▶ AVAILABLE RECORDS
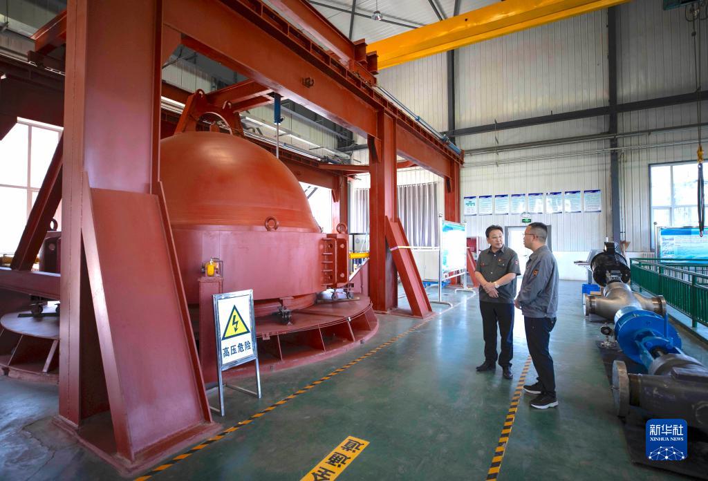 在位于寧夏吳忠市的吳忠儀表有限責任公司自動化產(chǎn)業(yè)園數(shù)字化裝配車間內,馬玉山(右)與技術人員交流(9月12日攝)。 新華社記者 楊植森 攝
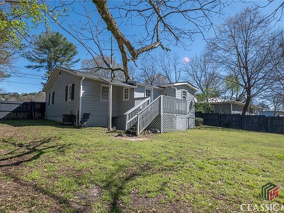 A cute 2 bedroom 1 bath located just inside the city limits of Statham. As you come around the circular gravel driveway you will see a well-maintained cottage ready for its new owners. Park under the cover awning which will show you one of the two front entrances into the home. The home has a beautiful sunroom that flanks the large living space. A small hallway will lead you past the updated bathroom. At the end of the hallway will be the two matching bedrooms located on the right side of the home. As you move to the rear of the home you will pass thru the dining area to the eat-in kitchen. The kitchen is outfitted with stainless steel appliances and solid granite countertops. From here you can see the laundry room with new LVP installed which leads out to the deck and is a completely fenced-in backyard. The Backyard also has a small fire pit and a storage building that stays with the property. Extra storage can also be found under the home.
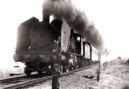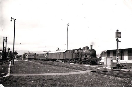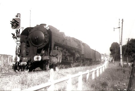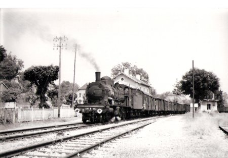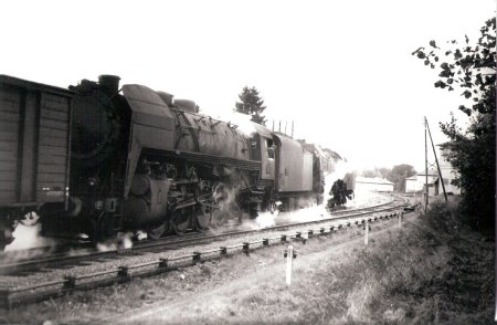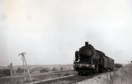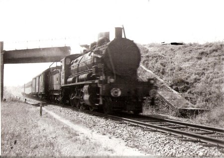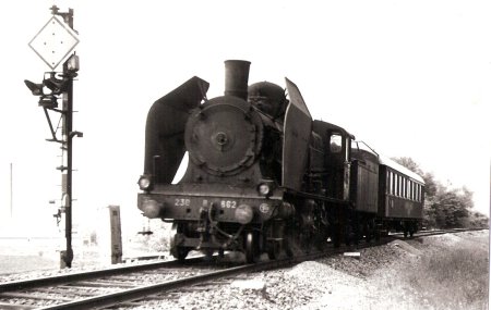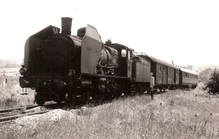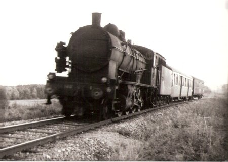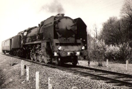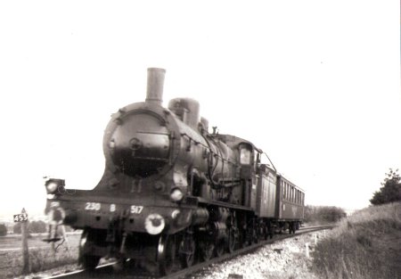 Eté 64. La 230-B-517 de Belf.(héroïne du film "Le Train" au PK 453, train 2845. Eté 63, la même machine au train 2841 |
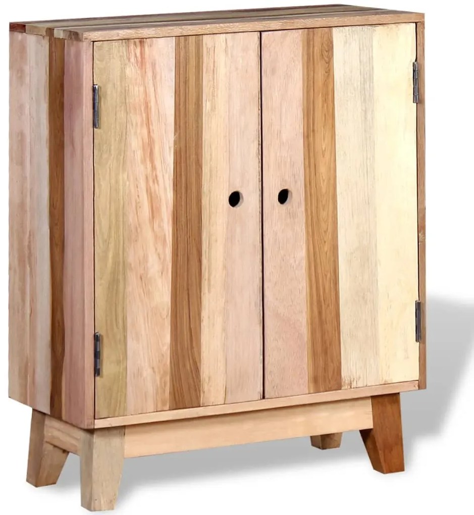Този страничен дървен шкаф в античен стил, който се предлага с 2 врати и 2 рафта, ви предлага достатъчно място за съхранение и ви помага да поддържате вещите си в страхотен ред. Можете също да поставите вашия компютър, таблет, книги, тоалетни принадлежности или някои декорации върху здравата горна повърхност. Независимо дали става дума за шкаф във всекидневната, или за скрин в спалнята, шкафът от регенерирано дърво е добър избор. Може да се използва и като странична маса, бюфет, висок шкаф, конзолна маса и др. Този шкаф за съхранение е изработен от масивна регенерирана дървесина, което означава, че всяка мебел е уникална и малко по-различна от следващата. Мебелите, изработени от регенерирана дървесина, притежават характеристиките на различни дървета като тик, манго и акация. Регенерираната дървесина е солидна, стабилна, издръжлива и красива. Признаците на износване и видимата зърнеста структура придават на всеки артикул собствена история и уникален вид. Шкафът е ръчно изработен, а майсторската изработка допринася за ефектния му ретро стил. Всяка стъпка от процеса се извършва с най-голямо внимание – било то полиране или лакиране. Важна забележка: Цветовете варират, което прави всеки от нашите сайдборди уникален; доставката е на случаен принцип.
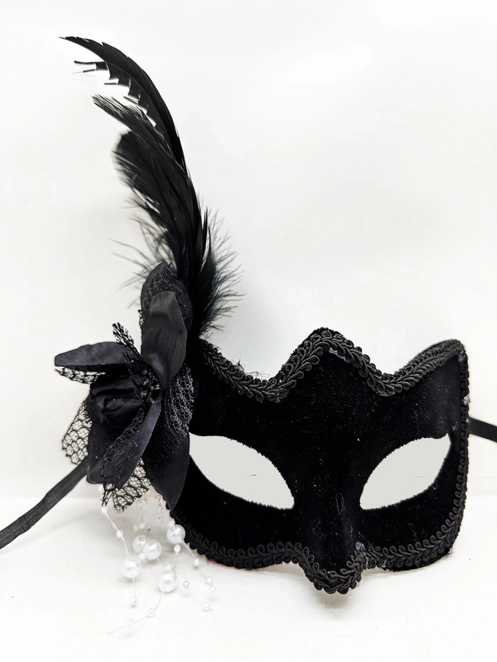 Siyah Renk Süet Kaplama Yandan Tüylü Beyaz İncili Parti Maskesi, balolar, maskeli partiler gibi özel günlerde gizemli ve göz alıcı bir görünüm elde etmek isteyenler için mükemmel bir seçimdir. Yumuşak süet kaplaması ve zarif beyaz incileri ile bu maske sizi partinin yıldızı yapacak.
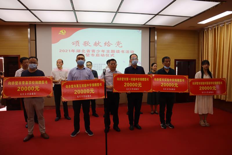 啟動儀式上,長江文藝出版社向赤壁市第一初級中學(xué)、赤壁市實驗中學(xué)、赤壁市第五初級中學(xué)、赤壁市實驗外國語學(xué)校、赤壁市青泉學(xué)校捐贈價值10萬元的圖書。
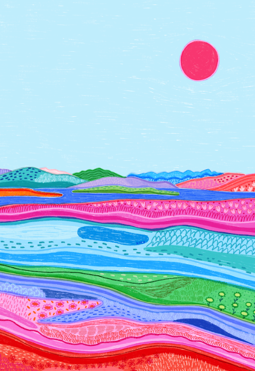 • Paisagem ilustrada com colinas coloridas e sol vermelho no céu azul
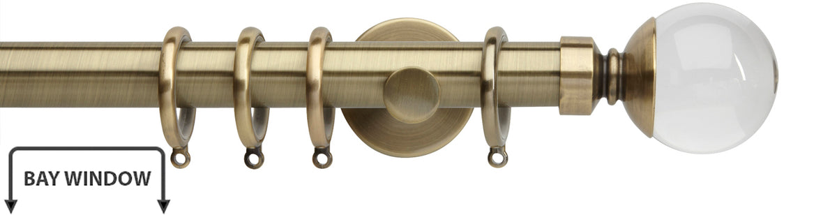 Neo Premium 28mm Bay Window Pole Spun Brass Clear Ball
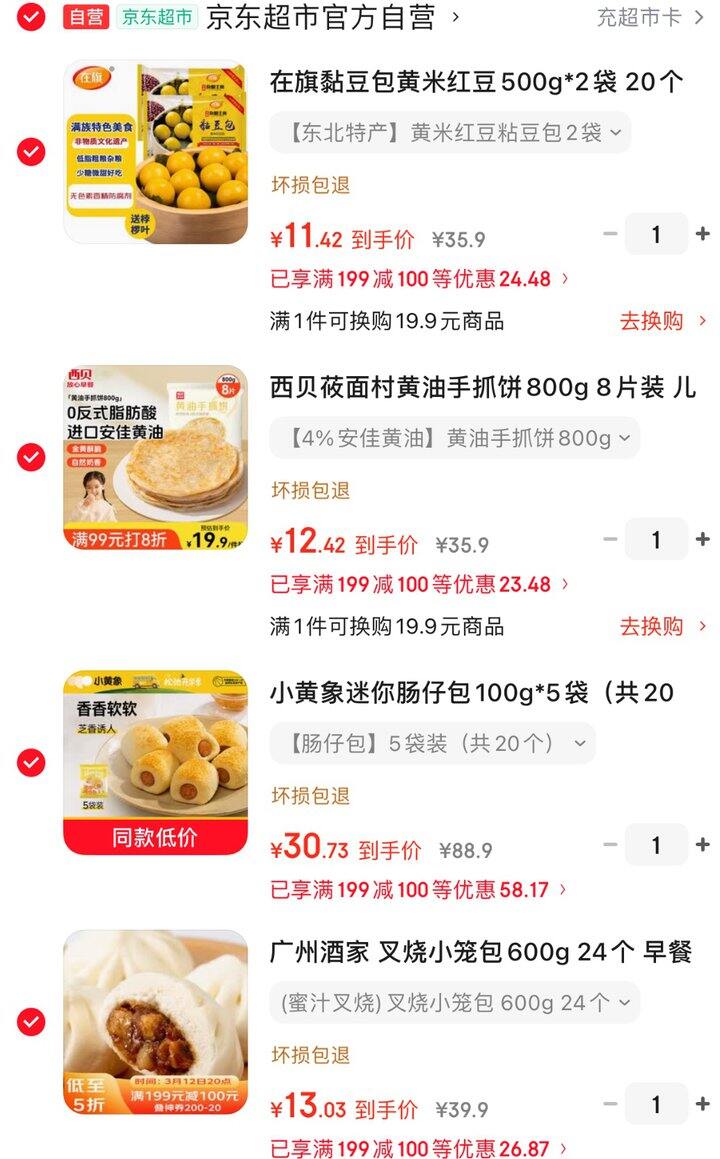 手抓饼12.42,肠仔包30.73,小笼包13.03,黏豆包11.42❗
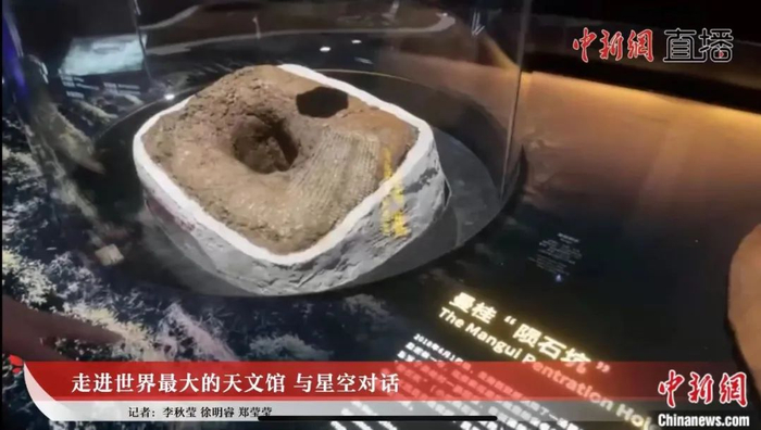 2018年6月1日晚,云南的西双版纳降了一场陨石雨,数百块陨石散落各地。其中最大的一块在地面形成了这个陨石坑,直径13厘米、深25厘米。这也是上海科技馆在国内首次完整回收到陨石坑。
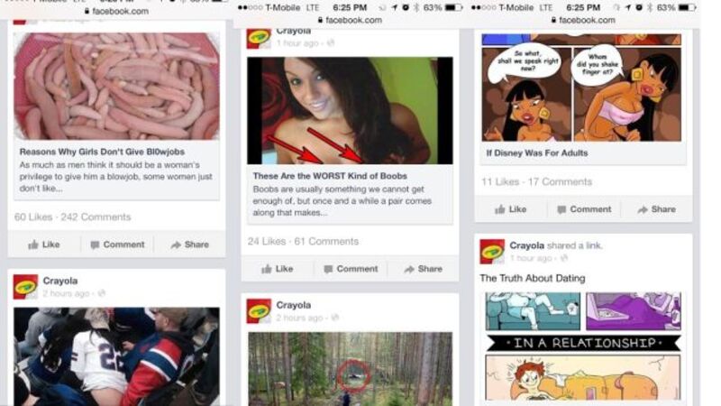 There was a programming shift over the weekend at Crayola's official Facebook page: instead of tutorials for kidz and Christmas greetings, crayon fans were delivered beautifully pure Facebook click-chum posts like "These Are The WORST Kind of Boobs" and "Reason Why Girls Don't Give Bl0wjobs."
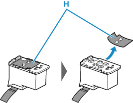 Võtke uus prindipea pakendist välja ja eemaldage ettevaatlikult selle silt (H).
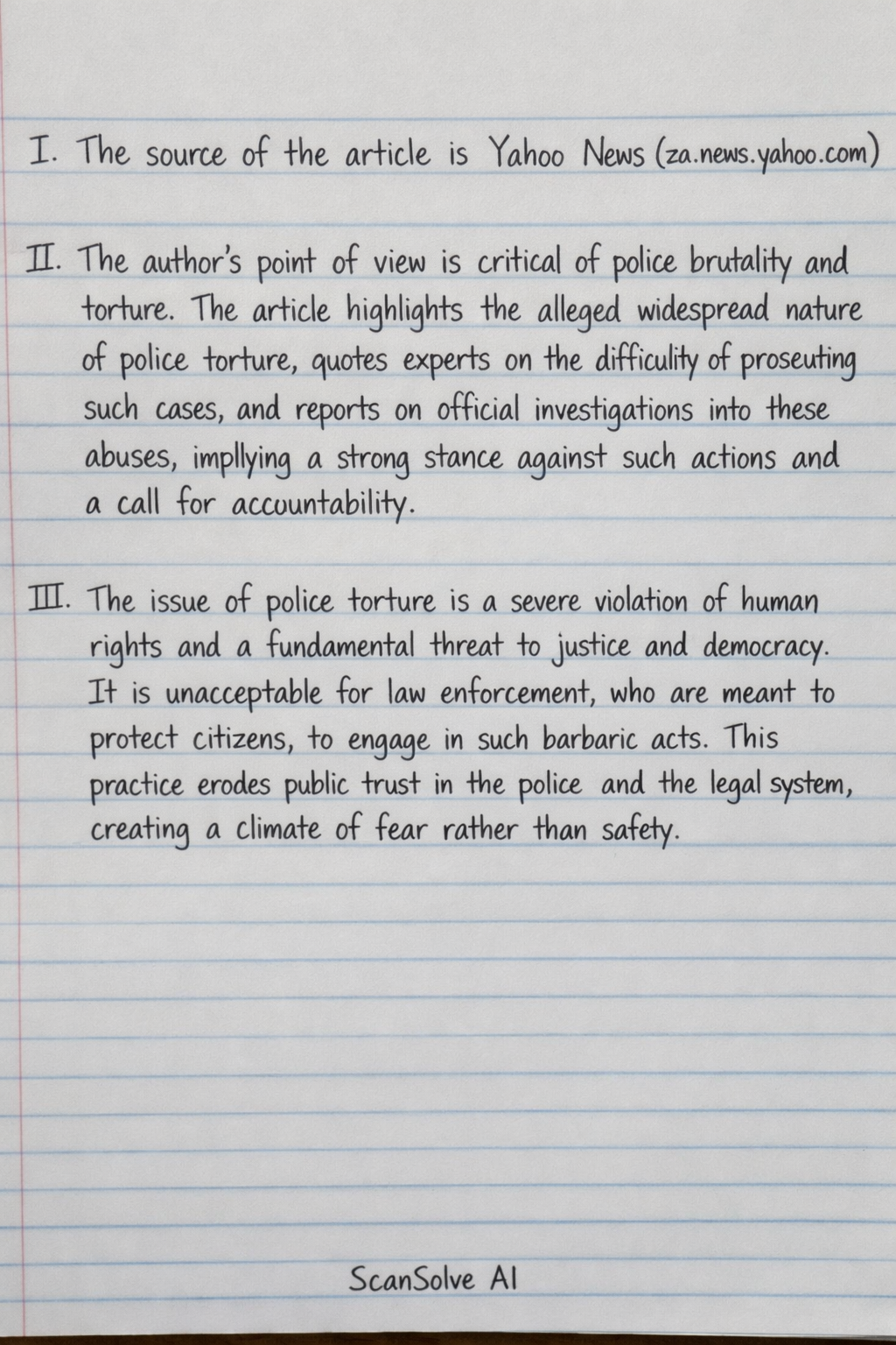 II. The author's point of view is critical of police brutality and torture. The article highlights the alleged widespread nature of police torture, quotes experts on the difficulty of prosecuting such cases, and reports on official investigations into these abuses, implying a strong stance against such actions and a call for accountability.
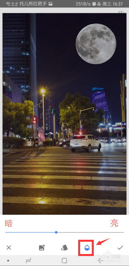- 操作演示利用的是安卓手机,然后snapseed软件百度搜刮下载,我只能帮你到这了,剩下的就靠你本身操作咯,快去建造你的超等月亮吧
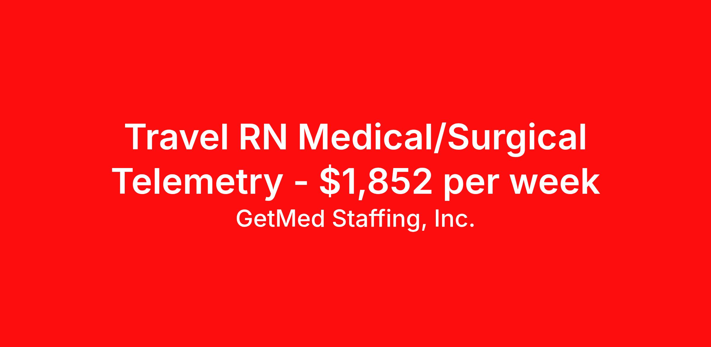 GetMed Staffing, Inc. is seeking a travel nurse RN Telemetry for a travel nursing job in Des Moines, Iowa. Job Description & Requirements Specialty: Telemetry Discipline: RN Start Date: ASAP Duration: 13 weeks 36 hours per week Shift: 12 hours, nights Employment Type: Travel GetMed Staffing is searching for a strong Telemetry RN to assist our traveler-friendly client. A minimum of 1-2 years of experience is required. Traveling with GetMed Staffing offers the unique opportunity to gain diverse experiences, both personally and professionally. Gain experience that matters. GetMed Staffing, Inc. Job ID 36004258. Pay package is based on 12 hour shifts and 36.0 hours per week (subject to confirmation) with tax-free stipend amount to be determined. Posted job title: RN:Telemetry,19:00:00-07:00:00 About GetMed Staffing, Inc. We are a diversity owned company, specializing in healthcare recruiting services. We truly understand how important a healthcare travelers' relationship is with their recruiter, as well as our relationship is with our healthcare facilities. We recognize that the needs of our healthcare travelers can vary, and therefore we provide the personalized touch necessary to ensure a successful travel assignment each and every time. Our healthcare facilities and clients benefit from us putting our healthcare travelers first. GetMed Staffing is excited to be a leader within the industry by focusing on providing healthcare travelers with more choices and possibilities as they plan for their next healthcare travel assignment. Benefits Life insurance Medical benefits Dental benefits Vision benefits 401k retirement plan
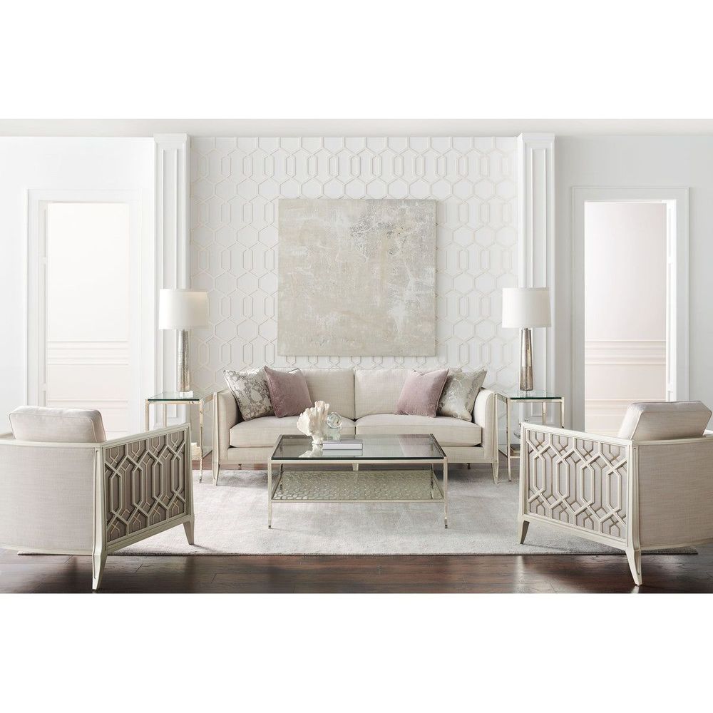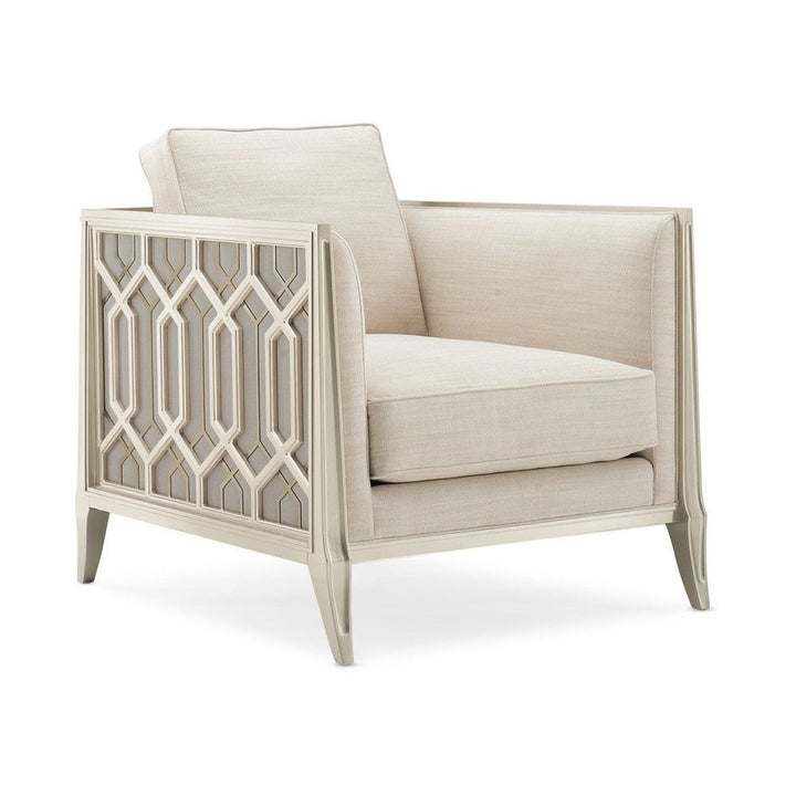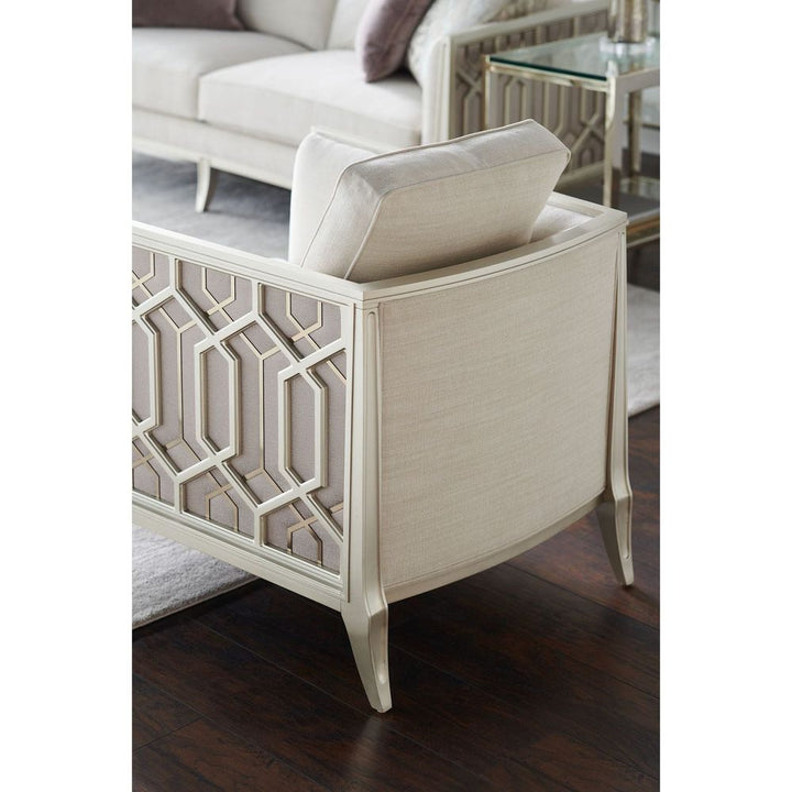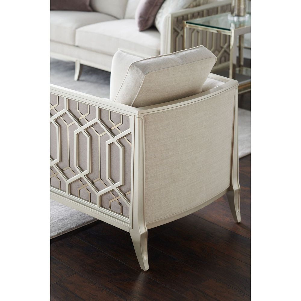 On a balcony railing of a former palace converted to a hotel in India is a carved pattern that was the muse for the pierced design found on this chair's outer arms. The idea of layering metal fretwork behind the wood was inspired by the dual shadow cast on the balcony by the setting sun through the railing's design. Creating a high-fashion look unique to itself, these elements are highlighted with illuminating shades of Soft Silver Paint and Champagne Gold and an exquisite cover.

▶ WORK ORDER
Transcribe only the lines above that start at the line containing "no céu azul" and end at the line containing "2018年6月1日晚,云南的". Omit pictures.

▶ TASK SOLUTION
 • Paisagem ilustrada com colinas coloridas e sol vermelho no céu azul
 Neo Premium 28mm Bay Window Pole Spun Brass Clear Ball
 手抓饼12.42,肠仔包30.73,小笼包13.03,黏豆包11.42❗
 2018年6月1日晚,云南的西双版纳降了一场陨石雨,数百块陨石散落各地。其中最大的一块在地面形成了这个陨石坑,直径13厘米、深25厘米。这也是上海科技馆在国内首次完整回收到陨石坑。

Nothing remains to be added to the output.